"P.S. I shall direct this to the old home in Wales, though I have no idea you are there, as I hear your wife prefers to be traveling."

The letter finished and directed, Miss Betsey sat a long time gazing dreamily into the fire and thinking of the past, the present, and the possible future, when a bright-haired child might be sitting there by her side and making her life less lonely and aimless than it was now.

Meanwhile the party at Grey's Park had gathered around the fire in the drawing-room, and Geraldine was repeating to her sister the particulars of her presentation to the queen, shivering occasionally as she heard the sleet and snow beating against the window, for with the going down of the sun the storm had commenced again with redoubled fury, and the wind howled dismally as it swept past the corners of the house, bearing with it blinding sheets of snow and rain, and sounding some times like human sobbing as it died away in the distance.

"Is there some one crying outside, or is it the wind?" Mr. Jerrold asked, as the sobbing seemed like a wail of anguish, while there crept over him one of those indefinable presentiments which we have all felt at times and could not explain; a presentiment in his case of coming evil, whose shadow was already upon him.

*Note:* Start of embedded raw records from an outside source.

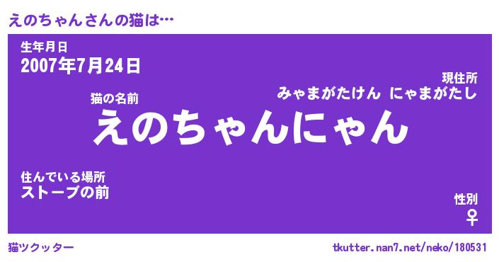 | 生年月日? …「くろねこ」 | 8月01日 10:16 |
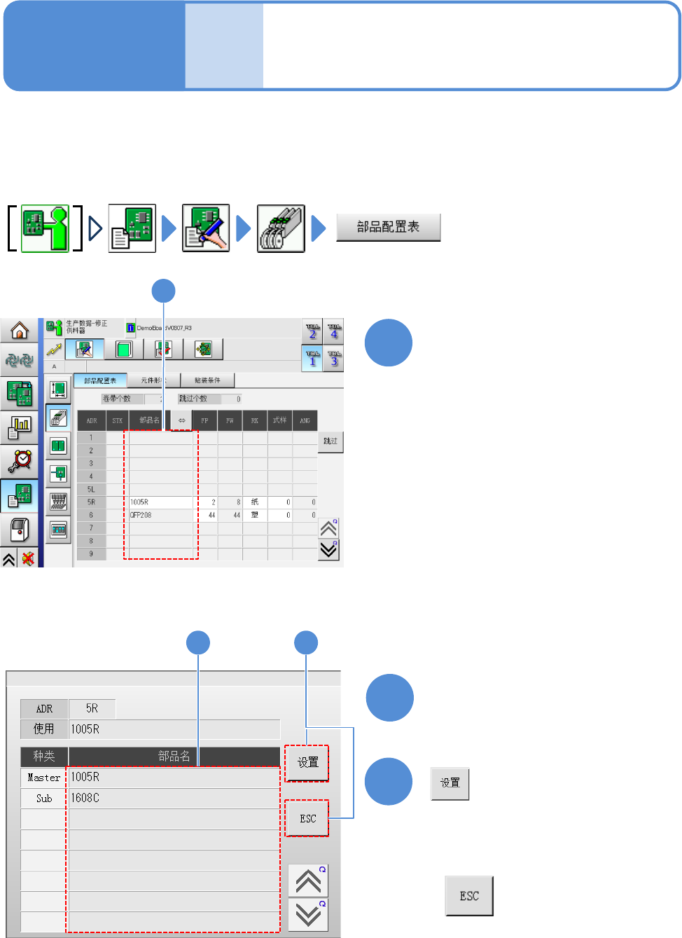 对供料器工作台上的供料器和托盘上的托盘板配置、存储状态的确认和修改方法进行说明。
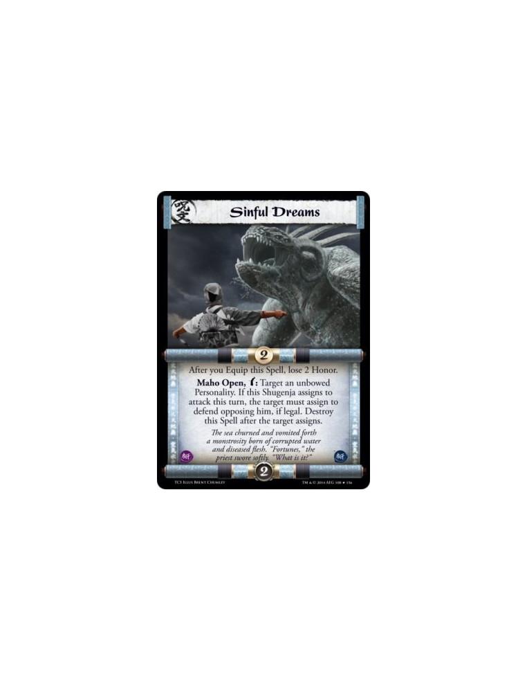 Sinful Dreams  - Maho                After you Equip this Spell, lose 2 Honor.Maho Open, w: Target an unbowed Personality. If th
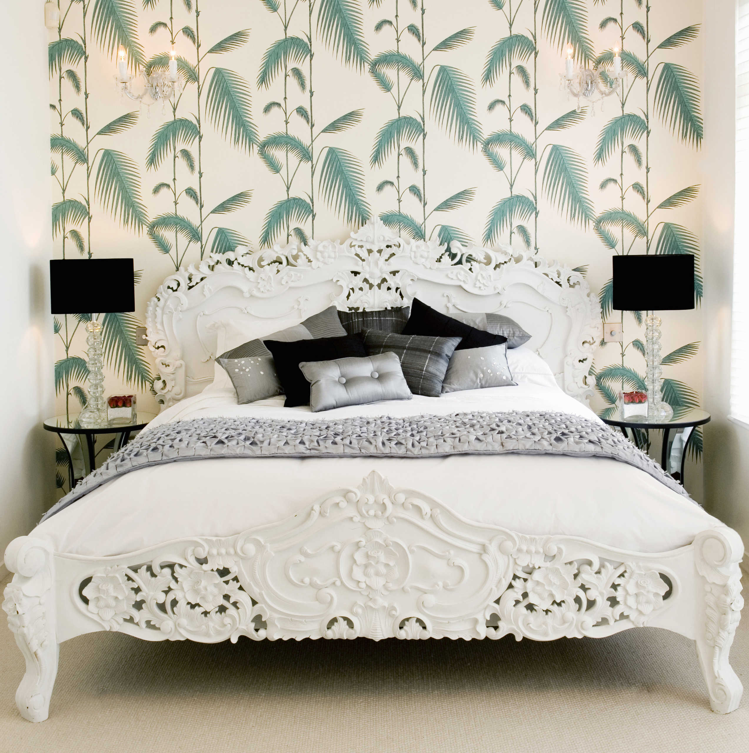 Green doesn’t have to dominate in the bedroom to make an impact. This large palm leaf print paper by Cole & Son is certainly striking, yet creates an easy-on-the-eye background to the white carved bed and piles of silvery cushions. It’s old fashioned sass brought bang up to date for the contemporary home.
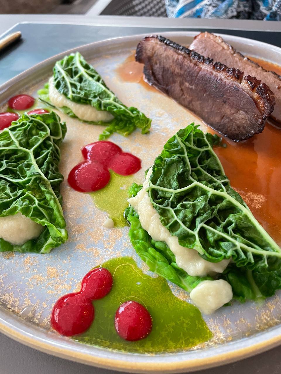 Cabbage leaves filled with some local cheese

"It is the wind," Grey said. "What an awful storm for Thanksgiving night!" and rising, he walked to the window just as outside there was the sound of a fast-coming vehicle, which stopped at the side piazza.

A few moments later the door of the drawing-room opened, and a servant appeared with a note, which she handed to Mr. Jerrold, saying: "Sam Powley brought this from your sister. He says your father is very bad."

Mr. Jerrold was not greatly surprised. It seemed to him he had expected this, for the sobbing of the wind had sounded to him like his father's voice calling to him in the storm. Taking the note from the girl, he tore it open and read: "DEAR BROTHER: On my return home I found our father much worse, indeed, I have never seen him so bad, and he insists upon your coming to him to-night, so I have sent Sam for you, with instructions to call on his return for our clergyman, Mr. Sanford, as he wishes particularly to see him. Come at once, and come alone."

"HANNAH."

The words "come alone" were underscored, and Burton felt intuitively that the secret he had long suspected and which had shadowed his father's life, was at last coming to him unsought. He was sure of it, and knew why Hannah had written "come alone." It meant that Grey must not come with him, and when the boy who had stood beside him and read the note with him, exclaimed, "Grandpa is worse; he is going to die; let us go at once," he said, very decidedly: "No, my son, not to-night. To-morrow you shall go and stay all day, but not to-night, in this storm."